You can write a VxD for Windows 9x that executes in ring 0 and blocks system processes for time-critical operations by calling Adjust_Execution_Time or Adjust_Exec_ Priority; see Listing Twelve. But Windows 9x can crash if you use MMX instructions in VxD (see How to Use Floating-Point or MMX Instructions in Ring 0 or a VxD under Windows 95, http://developer.intel .com/drg/mmx/appnotes/). Until I inserted the two statements in Listing Thirteen in front of an MMX code block in my device driver, it often crashed. These calls preserve and restore the FP state, which is ultimately violated by the execution of MMX instructions.
Performance Measurement
A quick and dirty way of measuring the performance of critical code is to measure clock ticks before and after the code section. To improve the accuracy of measurement, the code should run in a loop. Also, the application priority should be boosted to its maximum value (Listing Fourteen) for more accurate results. It helps to terminate all running tasks and services and wait a few minutes to let the OS settle (flush disk buffers, complete page file I/O, and so on).
The ideal running time is 1-2 seconds. Longer running times increase chances of preemption and introduce OS interference jitter. Because Windows 9x is less sensitive to priority changes, the performance measurements done under this OS are less accurate and can vary by 10-20 percent between runs.
Code Samples
Many of the code optimization techniques discussed here were developed in connection with the development of a real-time, PC-based ultrasound imaging system. Inside the imaging system, the data is constantly acquired by a specially designed PCI interface card, which notifies the CPU about the readiness of data by invocation of a hardware interrupt. An interrupt handler located in a device driver reads the data as fast as possible and initiates another data-acquisition cycle. The interrupt handler notifies a user-level GUI application by sending a message. The application must process and display acquired data as fast as possible to achieve maximum frame rate.
I initially wrote image processing functions in C and operated on 32-bit data. Because they were sluggish and could barely yield 2-3 frames per second on AMD's K6-2/350, I changed the data format to 8-bit and wrote all critical code using MMX instructions. This made a big difference -- frame rates soared to over 30 frames per second. In this section, I'll discuss some useful 8-bit signed image-processing functions and detail their implementation. The complete code that implements these techniques is available electronically; see "Resource Center," page 5.
90-Degree Image Rotation (Matrix Transposition)
Matrix transposition may seem trivial, but efficient MMX implementation of it is not obvious. A detailed discussion of 16-bit square matrix in-place transposition and 16-bit rectangular matrix transposition can be found in Using MMX Instructions to Transpose a Matrix (http://developer.intel .com/drg/mmx/appnotes/).

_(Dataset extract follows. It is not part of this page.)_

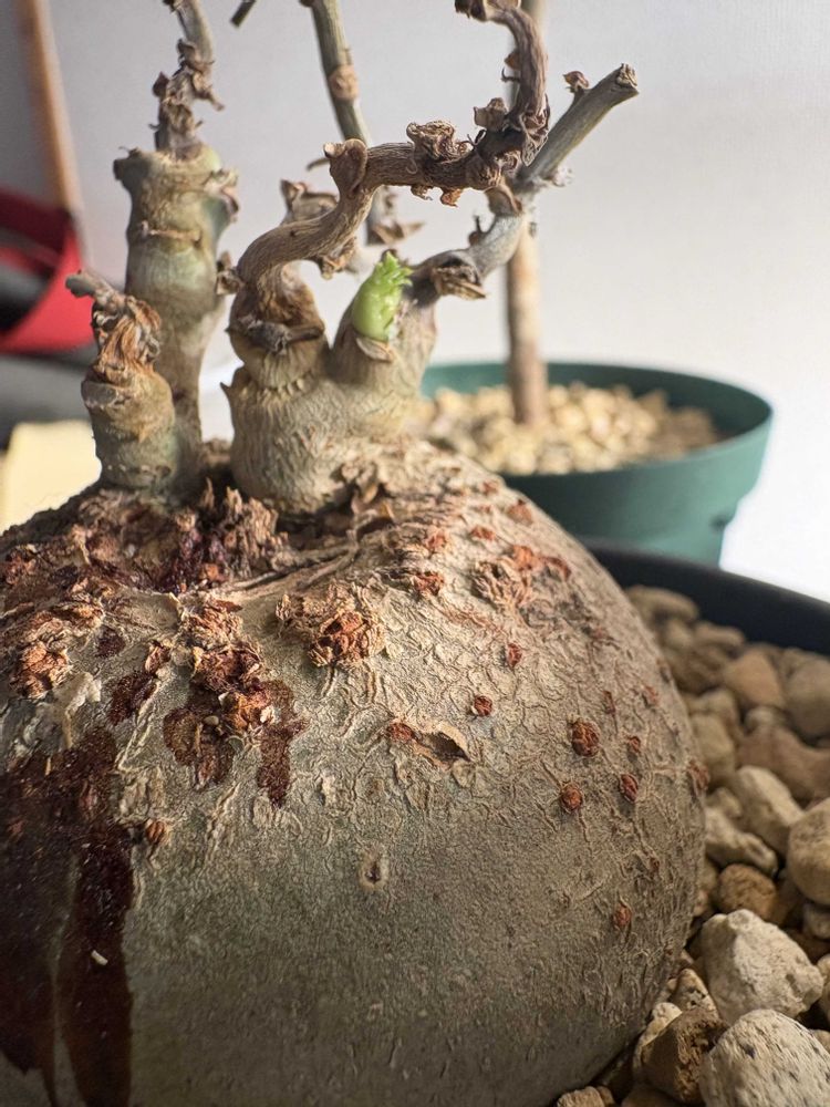 室内で冬眠中の夏型塊根の一部に目覚めの兆候が👀

The basic idea is that a matrix is split on square blocks of the same size, and the transposition of each block results in the transposition of the whole matrix. For 8-bit matrix transposition, the size of each block is 8×8 bytes (Figure 1). The width of the block is selected to match MMX register size. The transposition is affected through the use of an MMX unpack operation (Figure 2). Because only one unpack operation per cycle can be executed, they were intermixed with other instructions to improve parallelism (code that illustrates this is available electronically). Matrix transposition cannot be done in place unless the matrix is square.
Vertical Decimation with Averaging
Vertical decimation by a factor of 2 with averaging reduces image size and produces new images in which each new row is a sum of two original image rows divided by 2. This process exhibits inherent parallelism (since eight 8-bit points can be added at once), and can be efficiently coded (code available electronically).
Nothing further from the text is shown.